--- Data extract Enclosed Below ---

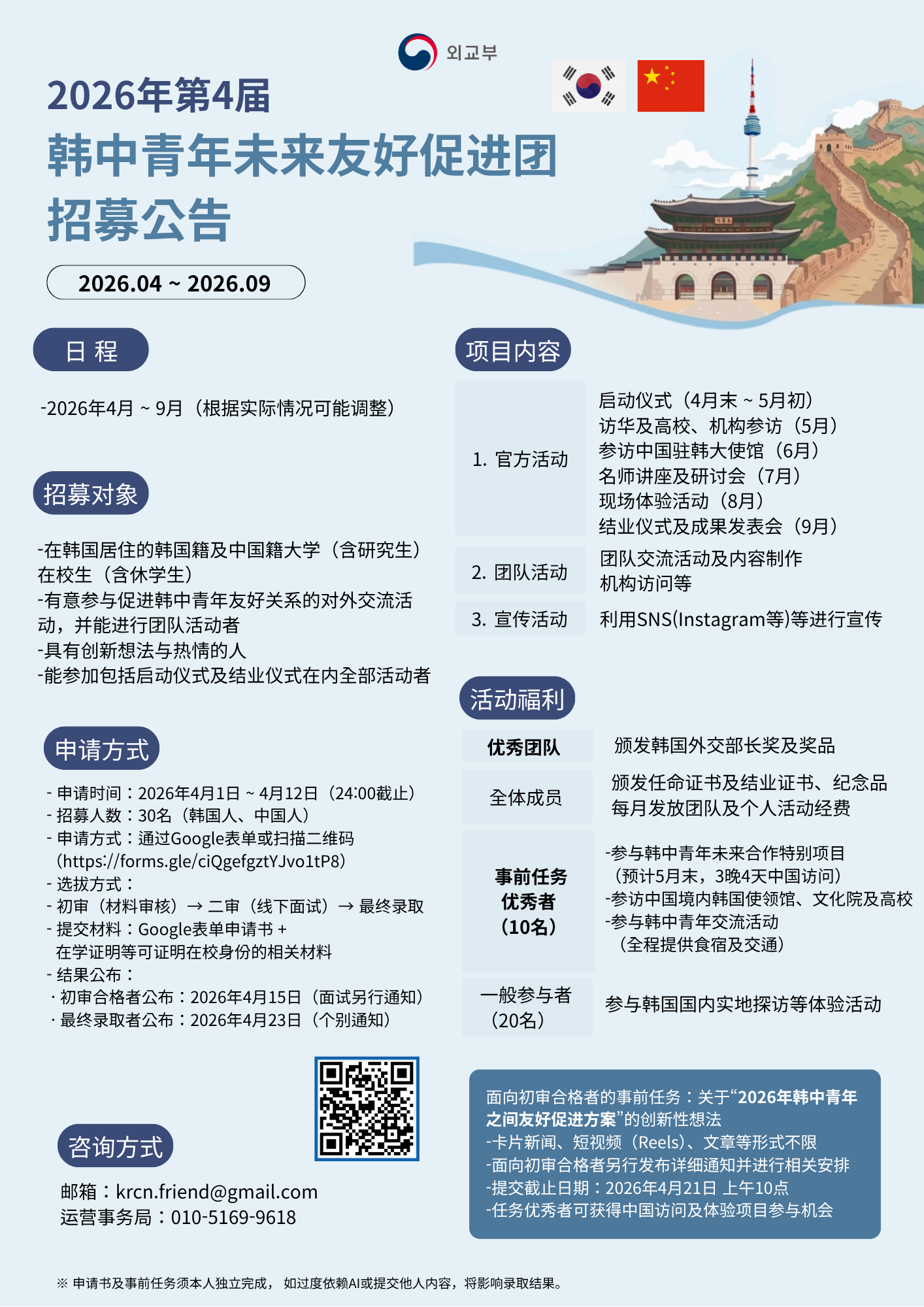 [외교부] 2026년 제4회 한중 청년 미래 우호증진단 대학(원)생 참가자 모집
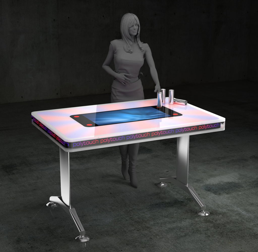 La mesa con sistema polytouch de 32 pulgadas integrado incorpora 150 LEDs programables de alto brillo y una pantalla LCD Full HD (1920 × 1080), que ofrece un amplio ángulo de visión y superficie no reflectante de cristal sólido. Cámaras integradas permiten que los objetos o documentos colocados en la superficie del vidrio sean reconocidos y registrados. En plus, la tabla ofrece la potencia de la última generación de procesadores Intel (Core i7-2600) con gráficos HD 2000, dando a los desarrolladores la libertad creativa de incorporar incluso la funcionalidad más avanzada de multi-usuario y 3D.
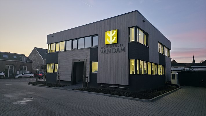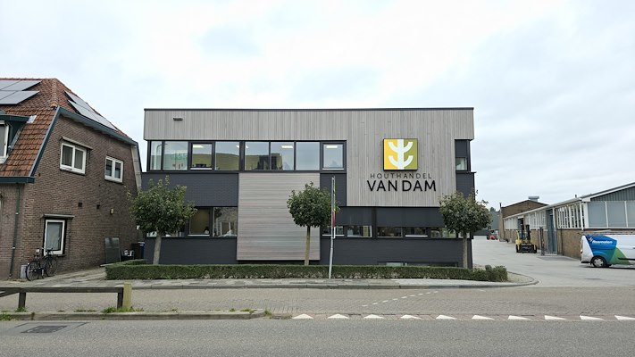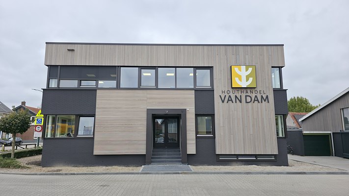 Bij de renovatie van het kantoorpand van Houthandel Van Dam is gekozen voor een hoogwaardige gevelafwerking met voorvergrijsd Fraké Noir, uitgevoerd met brandvertragende behandeling. In combinatie met het Noir FIX-CLIP systeem ontstaat een strak en eigentijds gevelbeeld dat aansluit bij de moderne identiteit van het bedrijf.
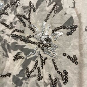 Eddie Bauer Size XL cream colored floral sequin embellished t shirt
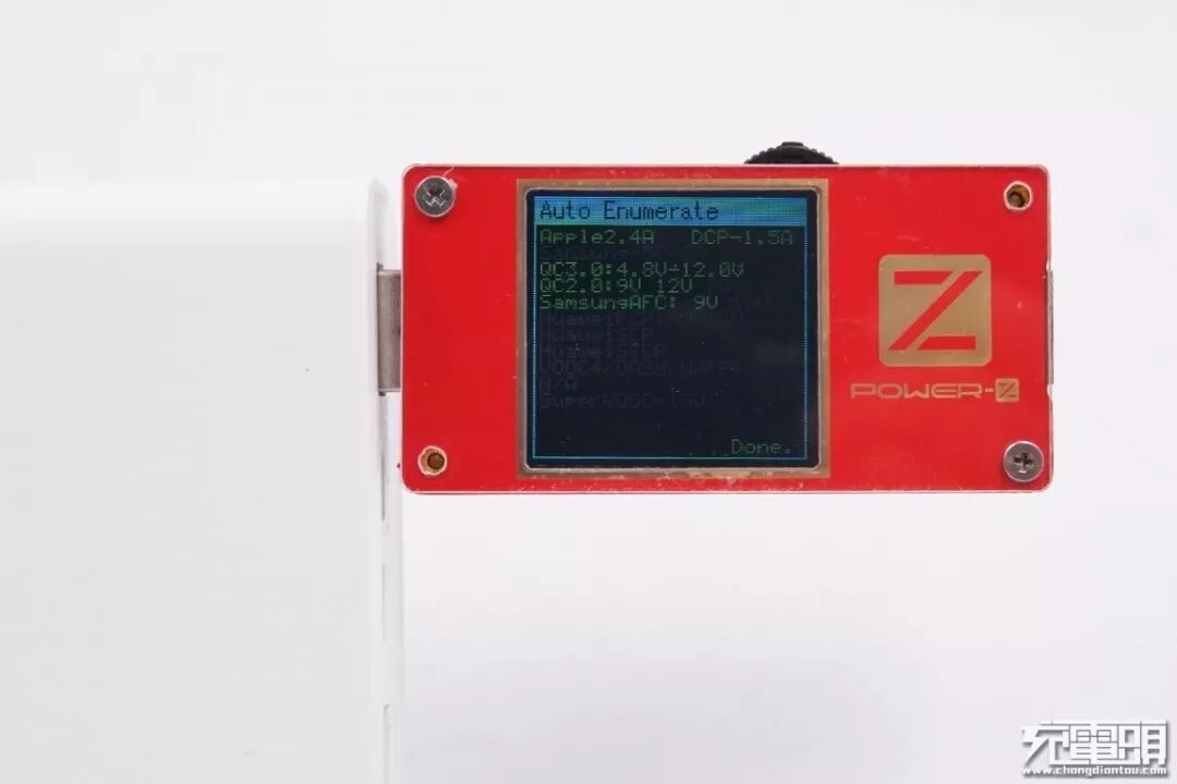 使用POWER-Z KT001对移动电源的USB-A进行快充协议检测,由测试表中的显示屏中得知支持Apple2.4A、QC、AFC等快充协议。

--- End of Enclosed Data extract ---

• **What to produce**: Reproduce nothing but the lines that run from the line containing "Eddie Bauer Size" through the last line of the records, inclusive. Omit the pictures.

• **Answer for this exercise**:
 Eddie Bauer Size XL cream colored floral sequin embellished t shirt
 使用POWER-Z KT001对移动电源的USB-A进行快充协议检测,由测试表中的显示屏中得知支持Apple2.4A、QC、AFC等快充协议。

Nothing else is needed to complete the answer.